Het gaat op verschillende punten volledig mis, vertelt Jeroen de Rijcke, secretaris van de TLN-deelmarkt Alliantie Zeecontainervervoerders. "Bij de terminals van APMT MVII en RWG werken ze met tijdsloten, maar die zitten overdag vol. Bij de ECT-terminal zijn de afhandeltijden buitenproportioneel lang. Daarnaast zijn er veel systeemverstoringen of vertragingen, waarvan iedereen de schuld bij een ander neerlegt. Maar uiteindelijk betaalt de vervoerder daar de prijs voor, want hun chauffeurs en wagens staan door al die problemen soms wel uren stil. Die gemaakte kosten zijn voor de transportondernemer, want de terminal betaalt geen wachturen uit."

'Geen beterschap in wachttijden' 

In overleg met de terminals en de haven zijn de vertragingen meermaals aangekaart, maar zonder enig effect. "We hebben keer op keer aangegeven dat dit onwerkbare situaties voor chauffeurs, planners en ondernemers oplevert.
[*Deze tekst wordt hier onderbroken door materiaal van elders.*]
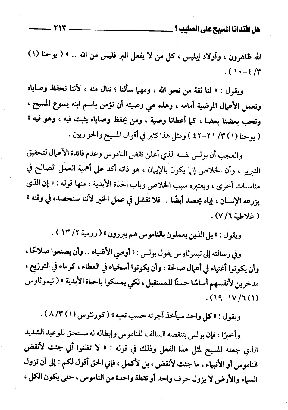 ويقول: " بل الذين يعملون بالناموس هم يبررون " (رومية 2/ 13).
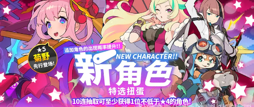 2. 本次扭蛋活动开启后,除★5角色「菊野」外,其他新出场的角色会同时加入教程扭蛋,并在后续的扭蛋中也会出现。此外,稀有度为★4或更高的新角色后续可通过星之碎片兑换。
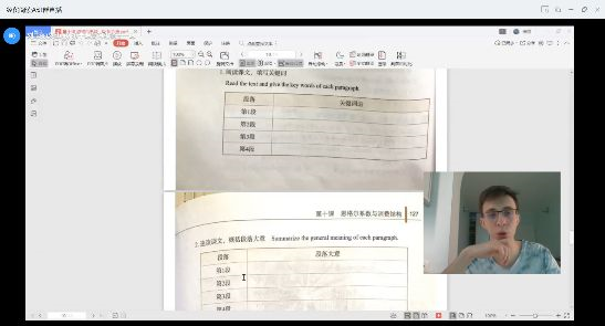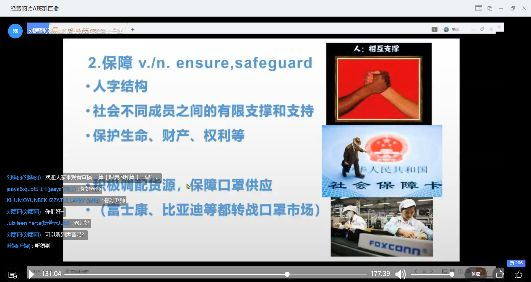 倪中连老师讲述了她如何开展《经贸口语》课程在线教学。她的课程有21位留学生,分布在世界各地,统一时间开展在线教学存在困难。同时口语课大班开展在线教学本身也有较高的难度,因此,倪中连老师按照时区相近的原则把学生分成4个小组,分别建立微信小组群。由于留学生所在国家网络环境的差异,为了保证每个学生都有公平学习的机会,倪老师采用录播方式,把生词讲解和课文讲解分别录制成视频,再上传到教学平台,让学生观看学习。

Vervolgens wordt er beterschap beloofd, maar verandert er weer niets", aldus De Rijcke. "Er is weinig incentive voor de terminals om dit probleem aan te pakken, want niet het wegvervoer, maar de rederijen zijn hun klant. Als een vrachtwagenchauffeur urenlang stilstaat voelen zij dat dus niet in hun portemonnee, maar de transportondernemers wel. En die zijn er klaar mee om steeds de rekening te betalen."

Minder aantrekkelijk

TLN doet daarom de dringende oproep aan alle partijen binnen de logistieke keten om verantwoordelijkheid te nemen. Iedereen is namelijk gebaat bij een efficiënte logistieke keten, stelt De Rijcke. "Als we op dezelfde voet verdergaan, dreigt de Rotterdamse haven steeds minder aantrekkelijk te worden als mainport, met volumedalingen tot gevolg. En dat gaat iedereen aan. Dus om het tij te keren, moet er snel iets veranderen."